In the infectious process, dermatophytes must overcome the host's innate defense mechanisms, the initial protection of the organism againts infections, so that tissue colonization occurs. The physical and chemical structure of the skin, constant exposure to ultraviolet light, temperature, lack of humidity, and the presence of normal microbiota make the growth of pathogenic microorganisms difficult. An important defense mechanism of the organism against infectious agents that affect superficial sites is keratinization, the stratum corneum renewal process done by keratinocytes that leads to epithelial shedding and, consequently, to the possible removal of the fungus. 14 Therefore, for the pathogen to reach the epidermis, it should adhere to the surface of the tissue, the arthroconidium should germinate and the hypha quickly enter the stratum corneum, preventing that the fungus be eliminated with epithelial shedding.
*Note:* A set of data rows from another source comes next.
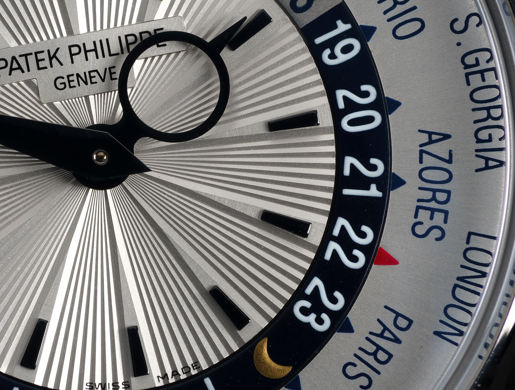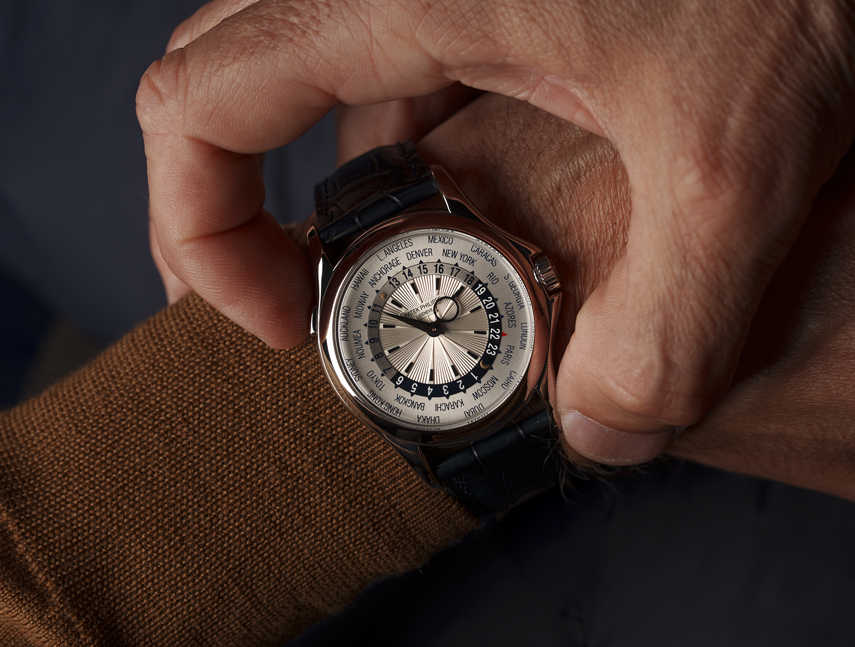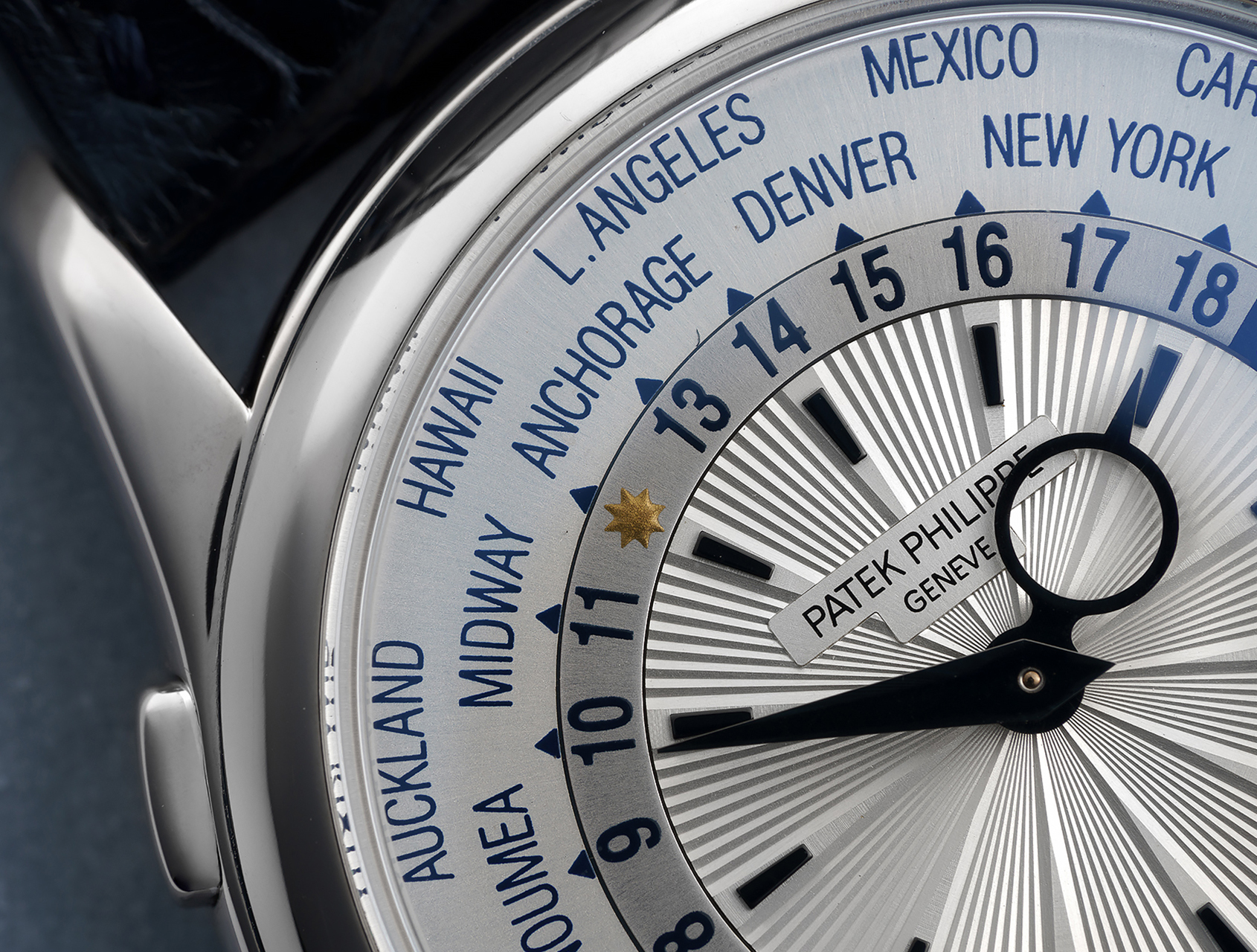 Historically important, the 5130G’s ingenious world-time mechanism dates back to the 1930's, when, at Patek's behest, independent Swiss watchmaker Louis Cottier created an ultra-slim system that could display the time across global cities using a concentric rotating 24-hour ring. This was later patented by Patek in 1957 and reintroduced as a further enhanced movement in 1999. This present example is powered by Patek's in-house self-winding calibre 240 HU (Heure Universelle) with micro rotor, waterproof to 30m and is fitted to a dark blue Patek strap with white gold Patek pin buckle. This World Time is guaranteed for 2 years.
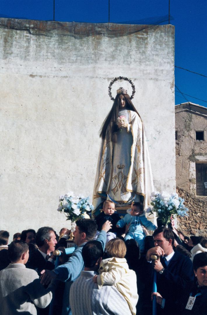 La procesión posterior es corta e intensa, muy emotiva. Sobre las andas de la Virgen, niñas y niños de corta edad, son ofrecidos por sus padres a María Inmaculada, cumplimentando una admitida tradición de años atrás. También hay subasta, como dicta la costumbre, y en la que aquellas personas que más dinero den, tendrán la satisfacción de pasar la imagen patronal dentro del templo.
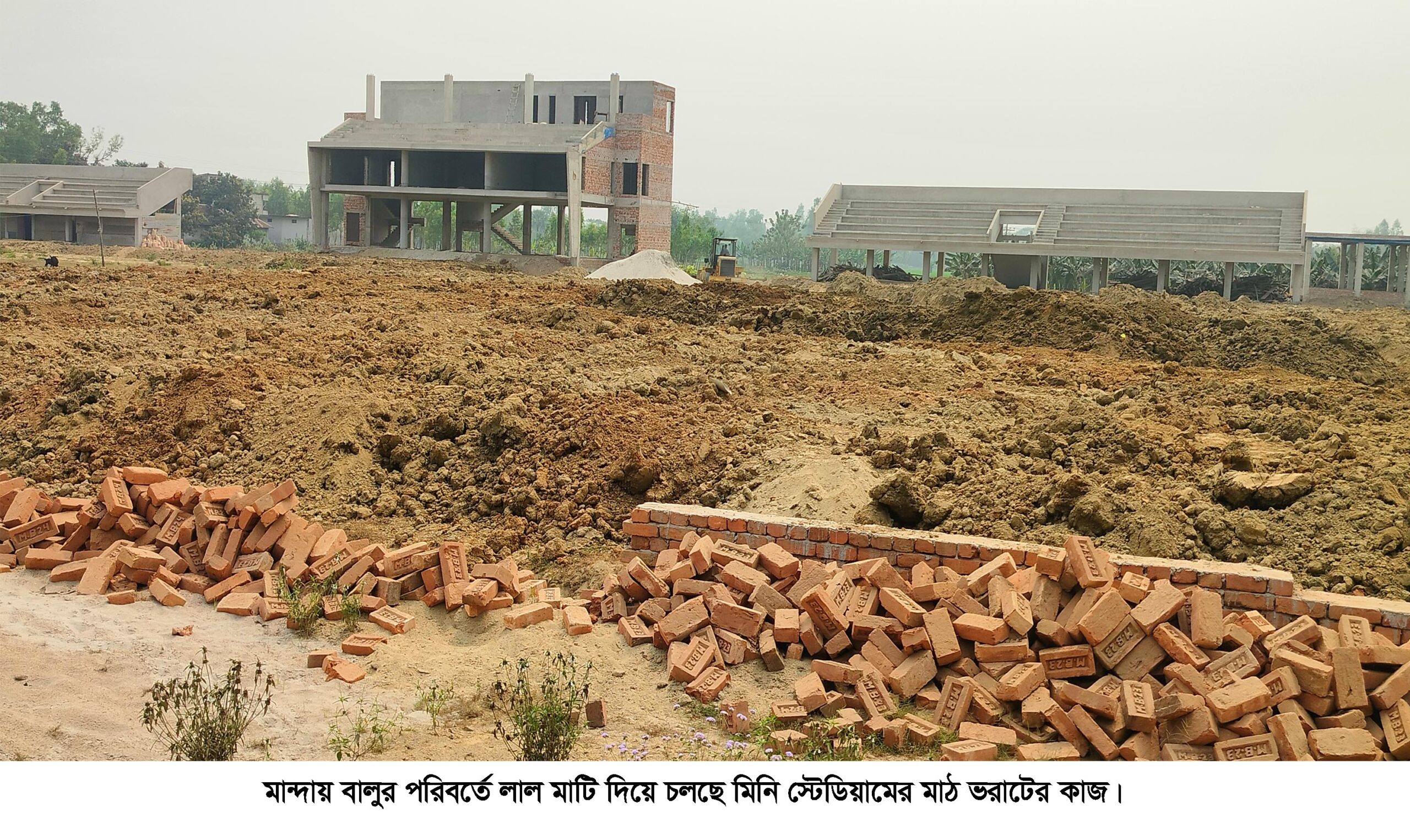 মান্দায় স্টেডিয়াম নির্মাণে বালুর পরিবর্তে মাটি দিয়ে চলছে ভরাট
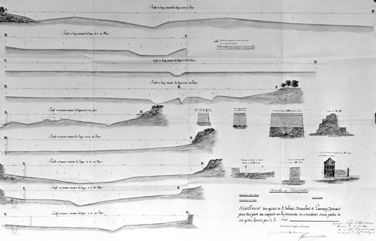 Nivellement des grèves de Saint-Suliac, Beauchet et Launay-Quinard, et coupe du moulin de Beauchet (21 mars 1844)Immatriculation
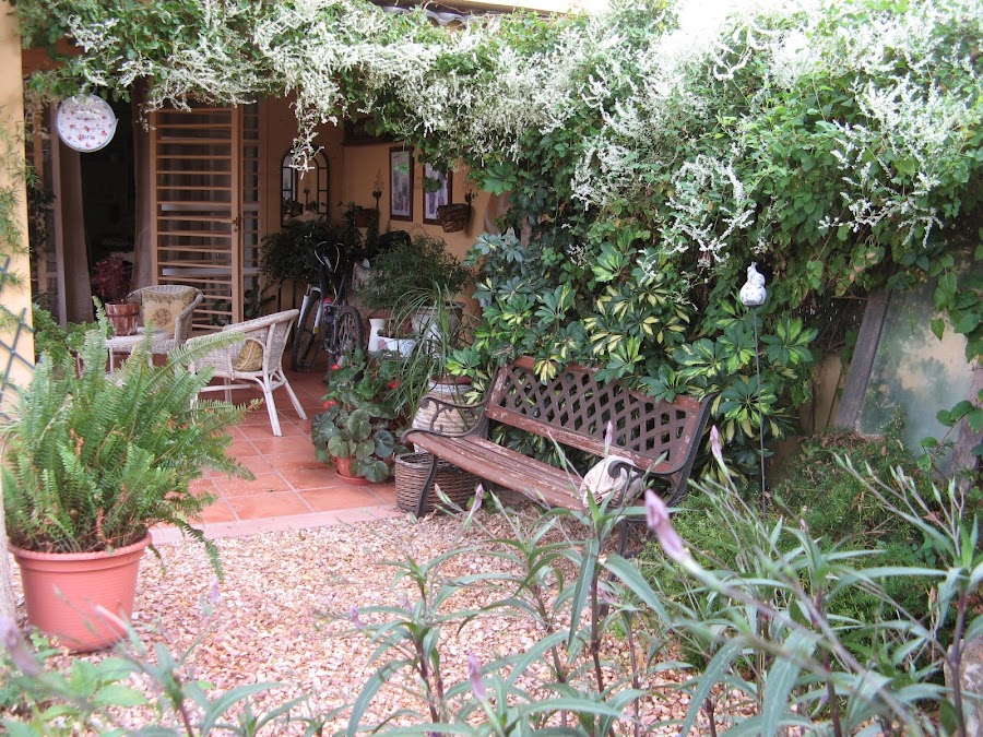 Mirad qué pasada de planta....se llama Polygonum o enredadera rusa....una bestia de planta preciosa. Ahora en plena floración ....dentro de nada perderá la hoja.......ya veis lo que voy a tener que barrer jaja
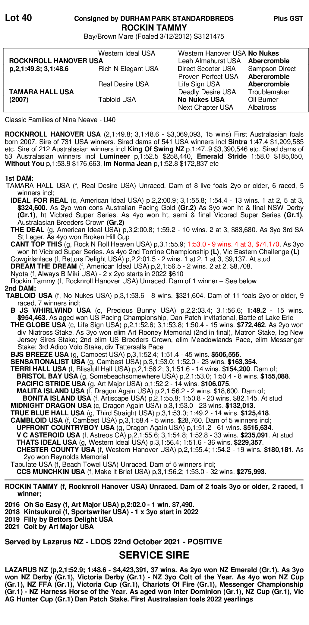 A ROCK N ROLL HANOVER half sister to NSW Derby winner IDEAL FOR REAL and CANT TOP THIS. She was injured as a weanling, never to race. She has an incredible pedigree and looks to match. Out of imported TAMARA HALL USA, a half sister to stakes winners BJ’S WHIRLWIND, 1:49.1, $954,000, THE GLOBE, 1:50.3, $767,000, BJ’S BREEZE, 1:51.2, $506,000 and TERRI HALL, 1:51.3, $154,000. Her yearlings have averaged $32,000.
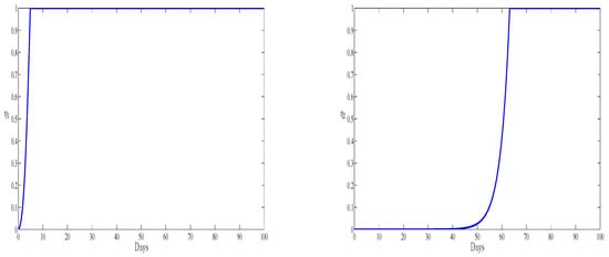 The two optimal controls and representing inhibiting new infections and blocking viral replication are represented in Figure 7. The two curves present the treatment administration schedule for the period of observation. Both of the controls start from zero and when the first immune boosting drug is administered at full scale, the second drug is at its lowest for the first days of observation. During the last days of observation both the therapies should be administrated at their full scales. In this case the new infection is totally blocked. It is worthy to notice that if we compare the numerical simulation of this paper and the recent work [], we remark that the antibodies have a clear effect in maximizing the level of the healthy cells and reducing the amount of the free viruses. Also, we remark that the presence of antibodies improves the effectiveness of both treatments after the first 60 days by reaching their maximum value. However, without antibodies, only the second treatment presents efficacy (see []) which leads to the elimination of HBV viruses. The obtained numerical results show that with antibodies and the optimal control, we observe a significant reduce of the HBV infection. All our numerical simulations will performed during the acute HBV infection period. This period is also known as the early stage of the infection [,]; however it will be very useful to predict infection for a chronic type of the infection.
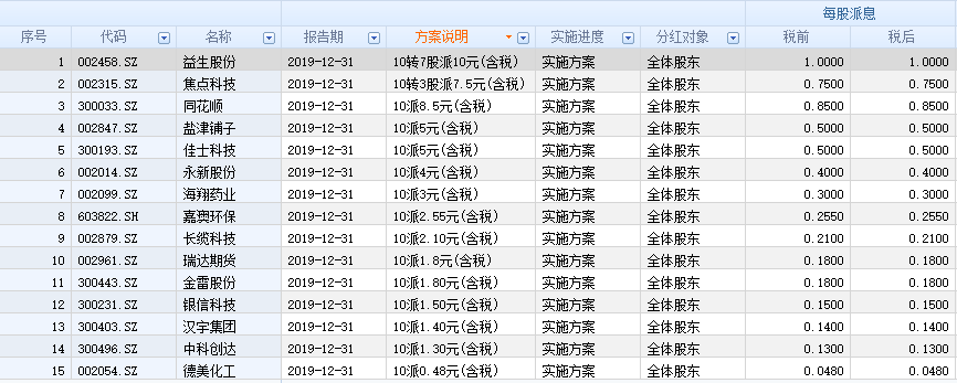 已披露2019年年報(bào)公司分紅信息一覽:
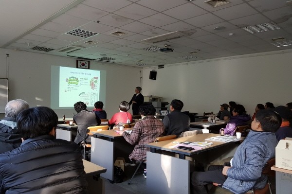 경기 김포시농업기술센터는 최근 강소농교육생 30명을 대상으로 '2017 강소농 추수교육 및 강소농사업 자체평가회'를 개최했다. 사진은 최근 농식품 가공 트렌드 및 기능성식품 가공교육에 대한 전문가 강의가 진행 중인 모습.(사진제공=김포시청)

In the pathogenesis of dermatophytosis, the initial interaction between the arthroconidia and the stratum corneum occurs 3 to 4 hours after contact. Twelve hours after ex vivo human skin infection, T. mentagrophytes microconidia appear implanted in the outer layer and the germination occurs within 24 hours. 15 In this study the authors report the appearance of a polymeric material between the microconidium and the stratum corneum cell three days after infection; this probably plays an important role in the adhesion of the spores to the skin surface.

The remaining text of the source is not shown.